The Price of "Capitalism"
Scripps-Howard News Service 10.02.02
The "Anti-Capitalist Convergence" had announced massive
demonstrations and disruptions for the nation's capital for the
past weekend. They did not materialize; only a small crowd came,
valiantly trying to cause as much trouble as a small crowd can,
but they became victims of their own hubris. So confident were they
of 100,000 participants that those responsible for law-enforcement
prepared accordingly. Police seriously outnumbered the protesters.
The non-event was notable only for the moment of levity when the
master of ceremonies grabbed the microphone to ask that demonstrators
come down from the trees which they had climbed, apparently, in
order to break off the branches. "We have an environmentalist
component among us," he said clearing his throat. "They
don't think that's the way to treat trees."
No, it isn't. But then they may have been capitalist trees.

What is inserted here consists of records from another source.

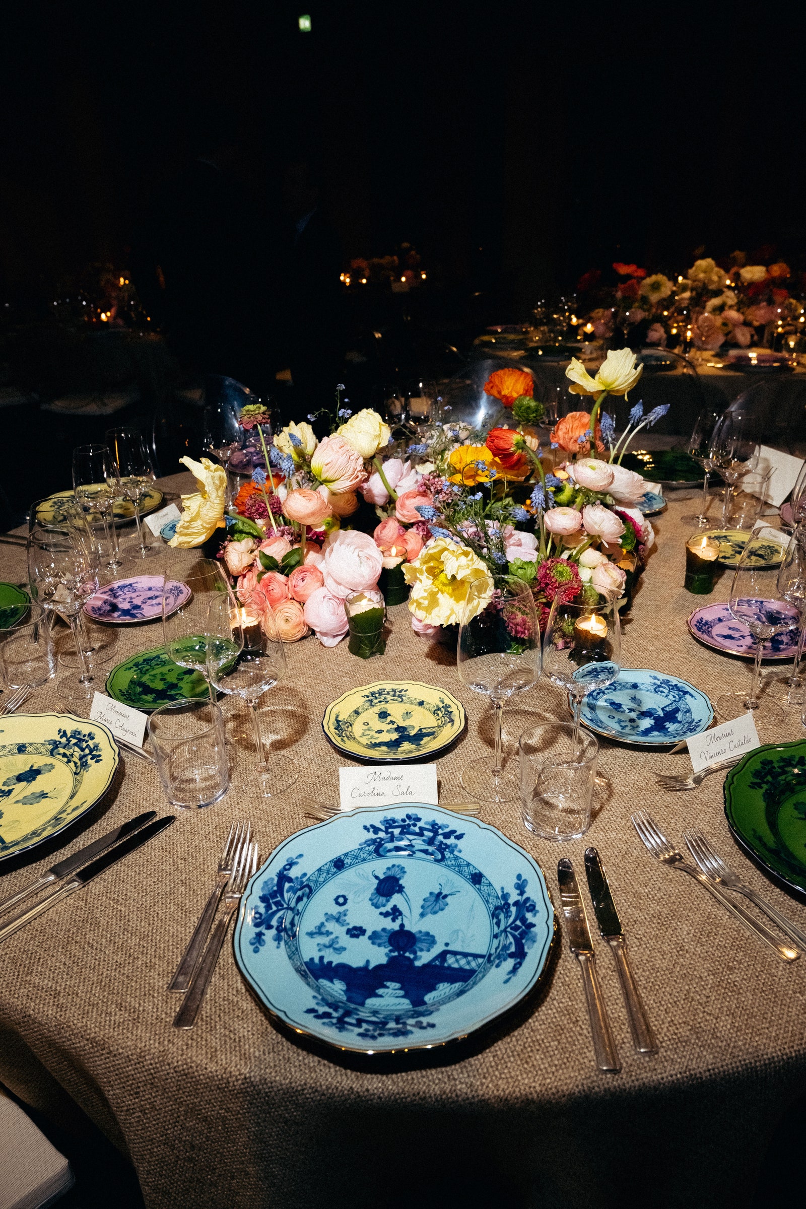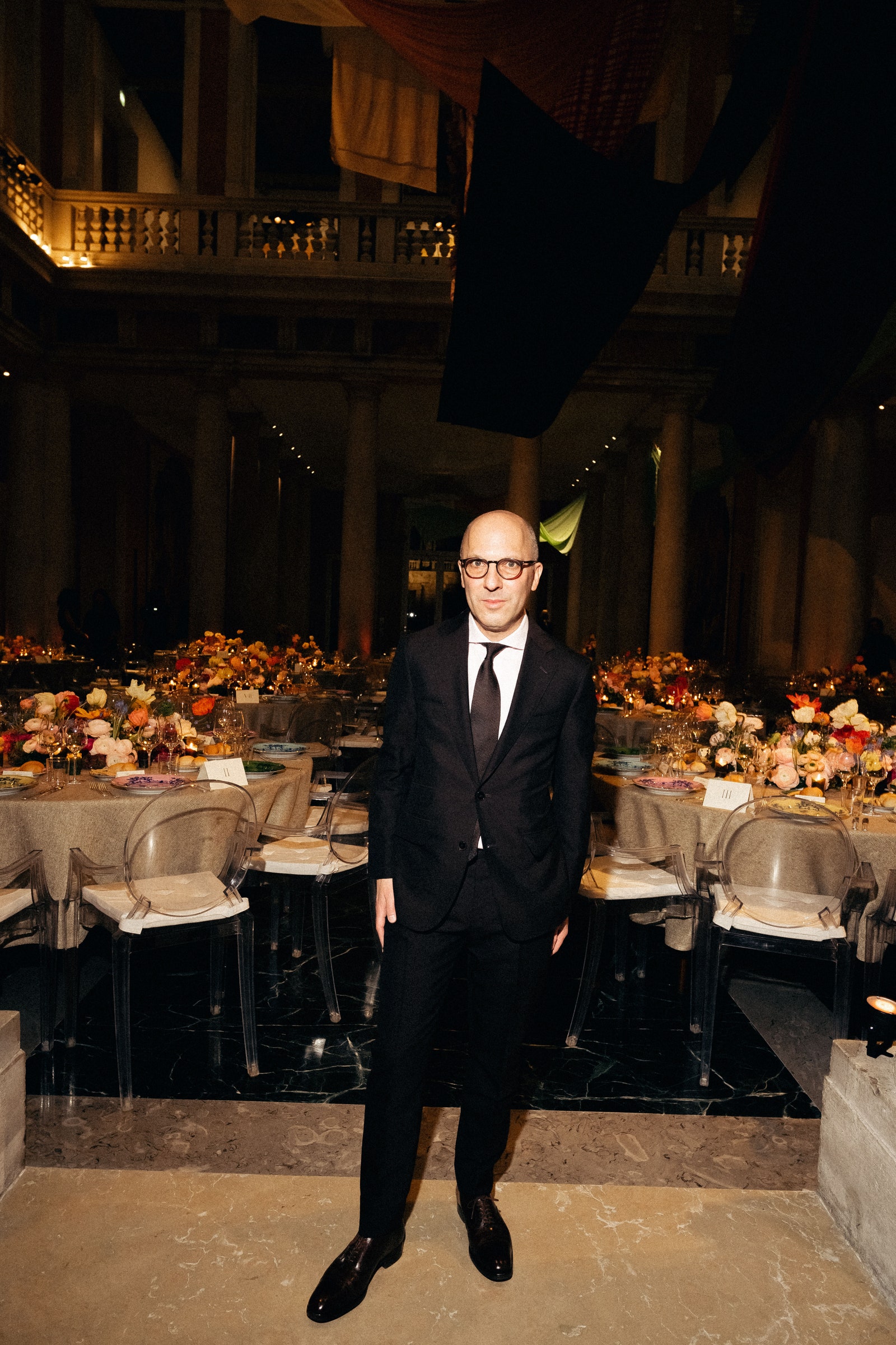 Once the tour was done—and we lingered to look for so long that organizers dimmed the lights to shoo us onwards—guests gathered downstairs. They included Matthieu Blazy, Daniel Delcore, Marco De Vincenzo, Sara Battaglia, Francesco Ragazzi, Giuliano Calza, Gilda Ambrosio, and Giorgia Tordini.
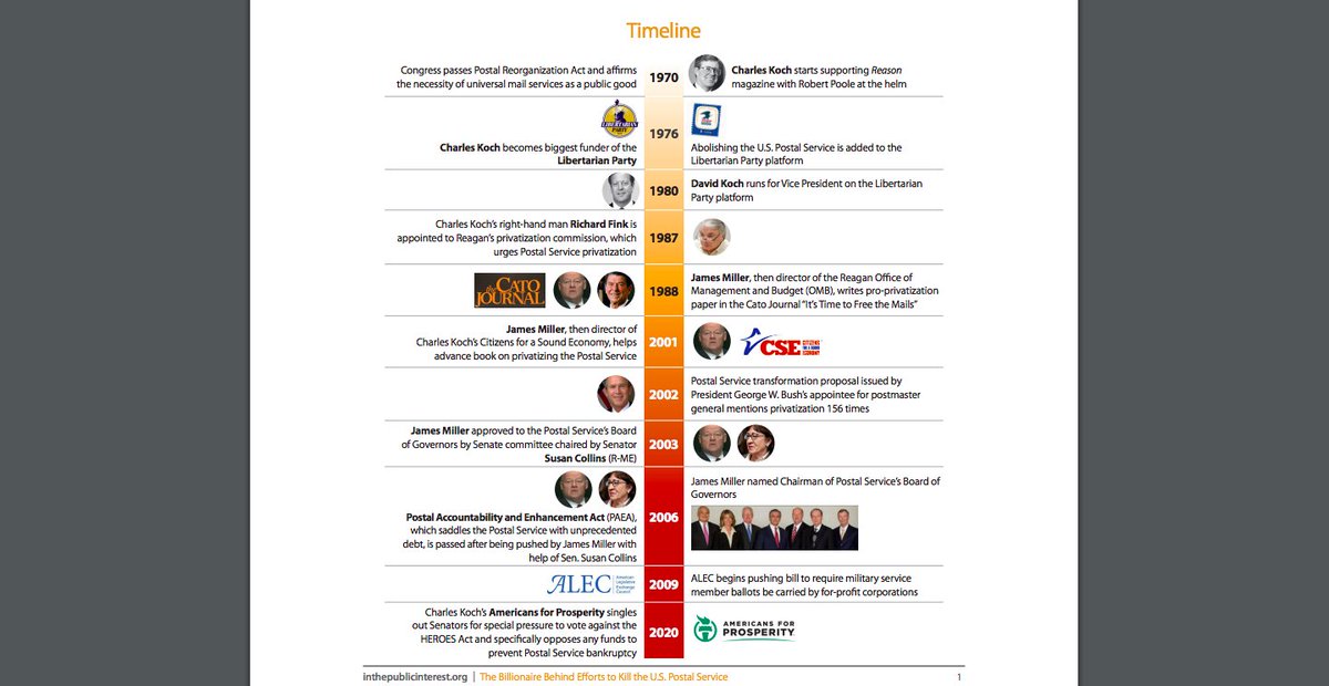 Koch Docs curator @thelisagraves is out with a report on Charles Koch's attempts to kill off the US Postal Service, since the 1970's. Published by @PubInterest @itstruenorth:
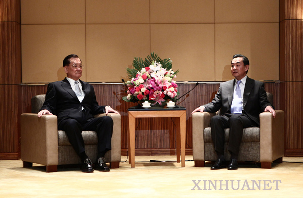 4月29日,中共中央台办、国务院台办主任王毅在上海会见前来出席上海世博会开幕式的中国国民党荣誉主席连战一行。新华社记者 邢广利 摄

My interest in the affair comes from an entirely different direction,
though. Over the past few years, it seems, everybody and his brother
speaks about the capitalist system in America. Before, using the
word was the hallmark of marxist training or influence. Yet lately,
everybody is using the word - regardless of political leaning.
It bothers me because capitalism - the word and the concept - was
the brainchild of Karl Marx. As well as offering an "-ism"
opposite his own -ism, it describes a rigid class society in which
one class possesses the means of production, the other nothing except
its labor. The latter class is called "The Proletariat"
who, as Lenin declared, can lose nothing but its chains when it
rises against the oppressor.
This is not the place to argue whether capitalism was the appropriate
way to describe certain European societies. The point is that owning
things has always been open to Americans. The moment you buy one
share of stock, you part-own "means of production," not
to mention owning your home and arriving at your place of work in
your own automobile - a very American image.
America never had a proletariat.
In that case, America could not have been a capitalist country.
To the best of my knowledge, no one has redefined capitalism after
Marx, and it is inappropriate to use a word whose meaning is different
from what the speaker has in mind.
Perhaps what we have in America is best described as a free-enterprise
Can you see an outfit called "Anti-Freemarket Convergence"
organizing demonstrations in Washington? Even with all the champagne
these protesters had consumed at their recent extended jamboree
in South Africa, they would not do something so manifestly ridiculous.
In a sense it is a pity that the speakers at such rallies are so
inarticulate, unappealing and predictable. Serious economists agree
with at least one of their complaints about the International Monetary
Fund: harmful interference with the aided country's ability to climb
out of the ditch. Clearly, conditions need to be attached to loans,
but strangling the debtor with impossible conditions is not practical.
(Naturally, the protesters' first demand always is that all loans
should be immediately forgiven, all debts erased. When? Now!)
Alas, I have been watching these protests now for nearly 40 years
and find that the organizers provide only slogans to the speakers,
not to mention the crowd. Most participants are quite incapable
of intelligent discussion. Of course, they also demonstrate only
where they are not likely to encounter any serious physical risk
- a habit that earns them no measure of respect.
But my main point still is that we ought to recognize people's
political views by the words they use. Thus, persons whose beliefs
are not informed by Karl Marx ought to stop referring to our free
enterprise system as "capitalism."
There are many other words and expressions invented and introduced
to promote a very specific political agenda. For years, I have been
trying to persuade anyone willing to listen that the enforced switch
from "personnel" departments to "human resources"
belongs to that category. After coming close to giving up, the other
night the same argument popped up at a most unexpected venue: in
Jay Leno's monologue. Bless him.
What we benignly call "politically correct" is never
without political purpose. Those who invented "native American"
to replace "Indian" sought a term that would, at least
by implication, diminish the legitimacy of everyone else who came
Similarly, "capitalism," having been used for a century-and-a-half
to denounce those who practice it, has all the connotations of greed
and exploitation, and none of the uniquely American, fabulously
successful, and gloriously liberating ring of "free enterprise."